Despite being surrounded by music and musicians while growing up in Winnipeg, Brackendale’s Cam Salay says he was the last person in his family to become interested in learning to play an instrument.
“I was more of a sports kid,” said Salay, who went on to play banjo with Juno Award-winning band The Paperboys for nine years. “But my mom played piano and taught choirs all her life. My dad plays saxophone and played in bands when I was growing up. They’d always be rehearsing in the house.”
Salay’s brother was also an accomplished guitarist, and his sister earned music degrees in university and became a music teacher.
“In my family, she is actually the most advanced musically,” he said. “But my brother is the most naturally gifted musician. He can play anything just by listening to it.”
Salay didn’t show a real interest in music until he was well into high school.
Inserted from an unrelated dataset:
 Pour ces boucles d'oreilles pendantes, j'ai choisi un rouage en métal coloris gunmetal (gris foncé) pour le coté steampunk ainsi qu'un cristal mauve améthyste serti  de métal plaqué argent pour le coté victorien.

“I was more into hockey and all that,” he said. “But when I was around 17, I realized some people played music for a living… that was their job… and it became a goal for me.”
That’s when he discovered the banjo.
“It started with the Beverly Hillbillies,” he said. “But then I started going to the Winnipeg Folk Festival and fell in love with that kind of music.”
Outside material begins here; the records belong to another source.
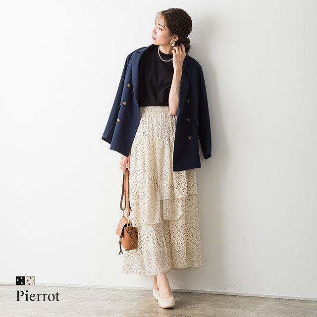 ランダムティアードドットスカート ☆ スカート ティアード ドット ティアードスカート ロング 落ち感 シフォン ギャザー フリル 黒 白 きれいめ フェミニン レディース 秋 ピエロ pierrot 価格:3,970円 |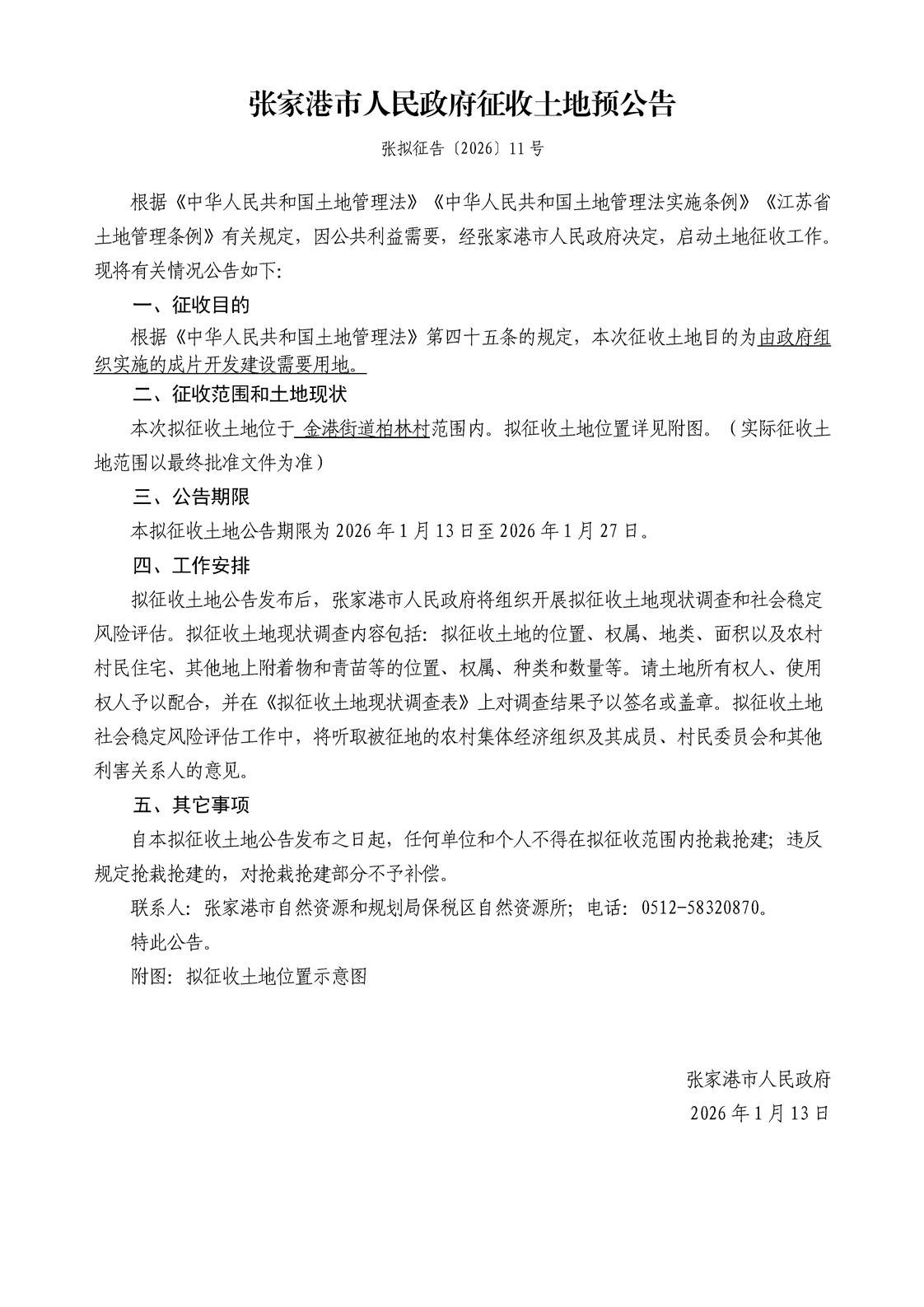 征收土地預(yù)公告(張擬征告[2026]11號)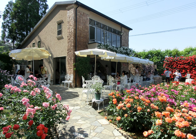霊山寺の見どころといえば、バラ園も外せません。ちょうど見頃の時期だったため、園全体で色とりどりのバラが咲いているのを見ることができました。園内の喫茶でバラを眺めながら、ほっと一息ついていただいていた方もおられたようです。

He played in a couple of small folk bands around Winnipeg before moving to Whistler in 1987.
“My brother had moved out here in 1984 and you know how it goes, I came to visit and ski, and ended up staying 20 years,” Salay said.
It was in Whistler that he met his future band mates in The Paperboys, sitting in with them one night on banjo before being invited into the group.
Now living in Brackendale, regularly performing around the Sea to Sky Corridor and teaching a new generation of musicians, Salay has recruited his family to join him onstage in a couple of upcoming shows.
On Saturday (Dec. 27) at 10 p.m., Salay and brother Joe Jr. will be at the Howe Sound Inn and Brew Pub as The Salay Brothers.
“We’ll be playing some bluegrass, some folk and a bit of Neil Young,” he said. “But, really, it’s just a warm-up.”
On Jan. 4, Salay and Joe Jr. join their mother and father from Winnipeg, along with Salay’s wife Colleen, at the Brackendale Art Gallery for a special Salay Family Band show.
“This is the first time we’ve done something like this out here,” he said. “When I go back to Winnipeg to visit my folks, we do get together for what they call ‘Jam with Cam’ in my father’s back yard. But that usually includes other people like my aunt and my dad’s band mates.”
Salay said his family band plans to play an eclectic mix of music ranging from bluegrass to rock, and he expects his 83-year-old father to show off his saxophone skills.
“My dad loves to improvise on the horn,” he said. “And my mom just recently picked up the bass, so she’ll be on bass for the show. Colleen will be singing.”
In keeping with the “family” theme, sisters Cameron and Lindsay Larson, both Salay’s guitar students, will open the show.
Tickets for the Salay Family Band show are $15 and available at the BAG or Xocolatl. There’s no cover for the Salay Brothers’ show.